NFTs and the Question of Ownership
Curator and art critic Kolja Reichert hosted a number of talks at the Bundeskunsthalle in Bonn, including one on the possibilities that blockchain technology enables to broaden participation in the art world. Even with his NFT project, “Damien Hirst remains stuck in analog art ownership criteria,” he told DW.
For Reichert, NFTs are much more about circulation than the way artworks are traditionally collected and owned. He thinks there is a lot of potential in blockchain technology that artists could also use to comment on social issues.
German conceptual and media artist Hito Steyerl, for example, has used art to comment on NFTs and what she feels are their gender bias. As a satirical commentary on the NFT hype in the art market, she unceremoniously transformed Germany’s leading cultural institutions – the Bundeskunsthalle and the Humboldt-Forum – into NFTs and declared herself their owner. In their current function, NFTs in the art market are like the equivalent of toxic masculinity, Steyerl criticized at an event in 2021.
Participation and sustainability
Reichert of the Bundeskunsthalle believes that NFTs should explore participation and how one thinks about the concept of art ownership. This year, the curator presented an NFT project by the art collective Cercle d’Art des Travailleurs de Plantation Congolaise (CAPTA), founded by workers in Lusanga, Congo, in collaboration with Dutch artist Renzo Martens.

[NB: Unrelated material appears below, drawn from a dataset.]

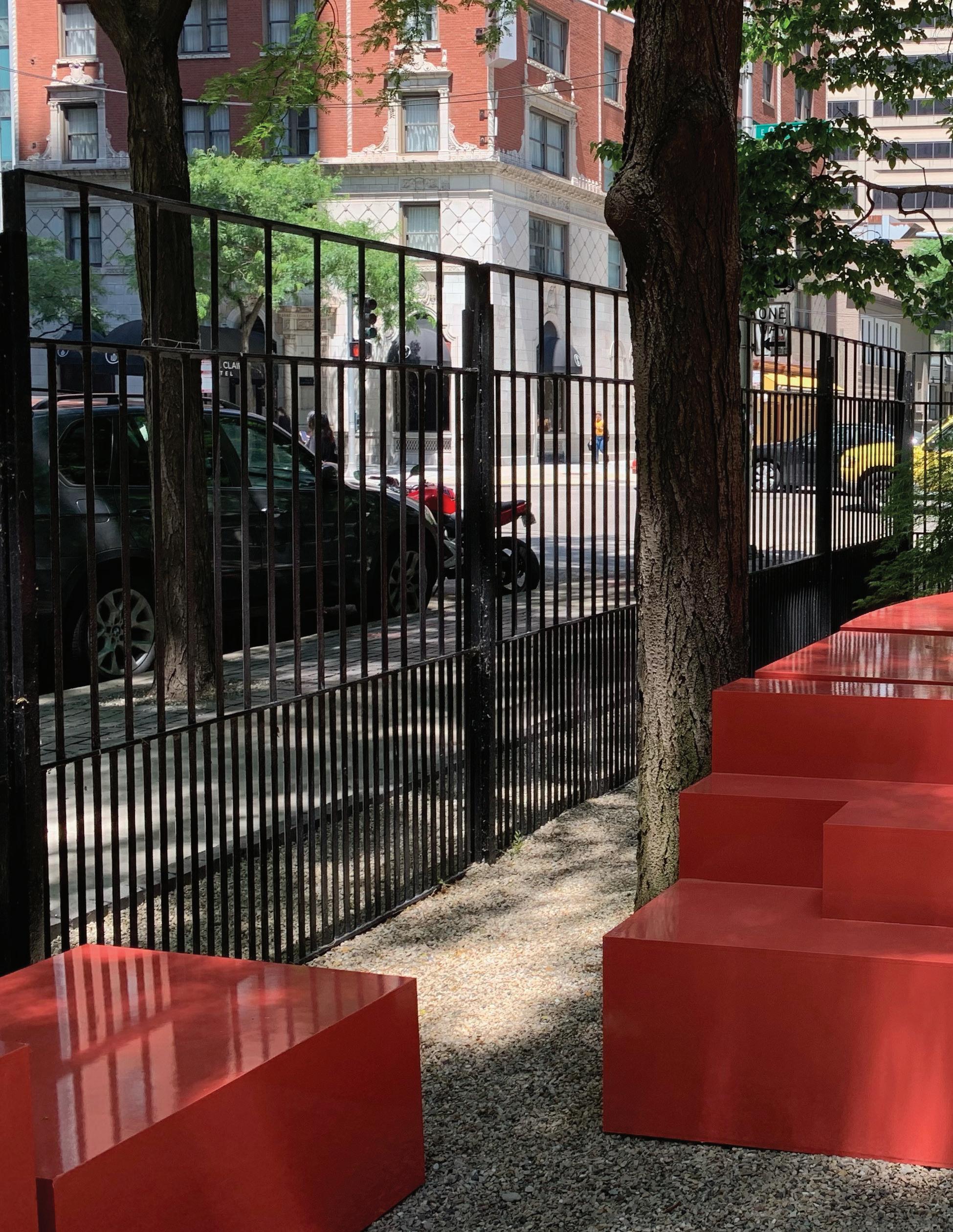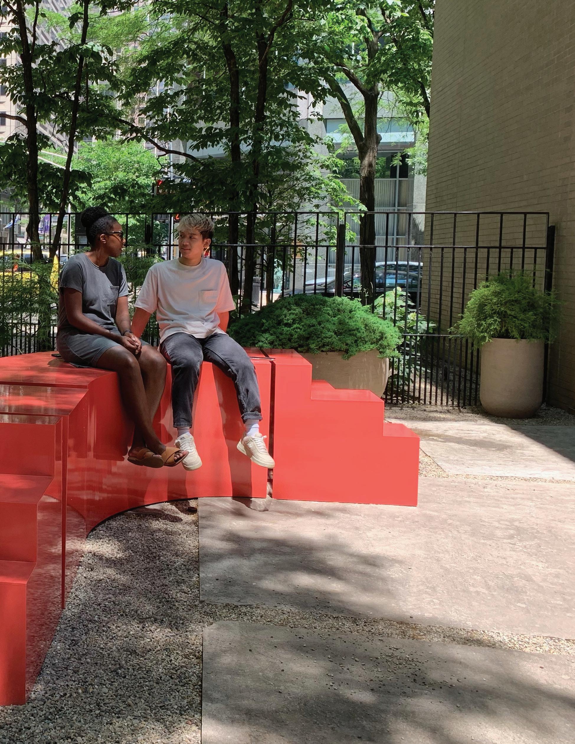 In this time of tentative gatherings, Chicago Mobile Makers designed configurable furniture for The Arts Club of Chicago garden. Employing modular, geometric forms in bright color, they transform the tranquil setting into a playful, interactive space. Each practical, movable shape is designed to be used independently or in combination with others to make individual seating, play-form, or bench. Throughout the coming months, the Arts Club will host outdoor sound and performance, as well as open hours for meditation or social gathering.

The band minted 300 NFTs of the “Balot” sculpture. The sculpture was made in 1931 by the Pende, an ethnic group from the Democratic Republic of Congo, in an effort to banish the ghost of Belgian colonial official Maximilien Balot who had committed atrocities and was eventually beheaded.
The original sculpture is now in a museum in Virginia, while the NFTs that CAPTA and Renzo Martens made were sold at Art Basel in 2022. The money generated from the sales went directly to the former oil plantation of palm in Lusanga. “This action creates measurable effects, namely the possibility of buying back land”, specifies Reichert.
The land is not only bought, but also replanted and cultivated, and generates local income. The action, on the other hand, focuses on how the sculpture, which the Pendes view to this day as a figure of power, came to a museum in Virginia through a European art dealer.
Along with buying back land and developing sustainable agriculture, the collective is using the revenue to bring culture back to Lusanga. Maybe one day the “Balot” will come back too.
These are actually the really interesting questions about ownership, Reichert argues. “What does the Virginia Museum actually have? Is the authority of the museum greater or that of the people of the area today, who want to restore it to its original function?” For the curator, it’s more interesting than revisiting the idea of art as currency, as in Hirst’s project.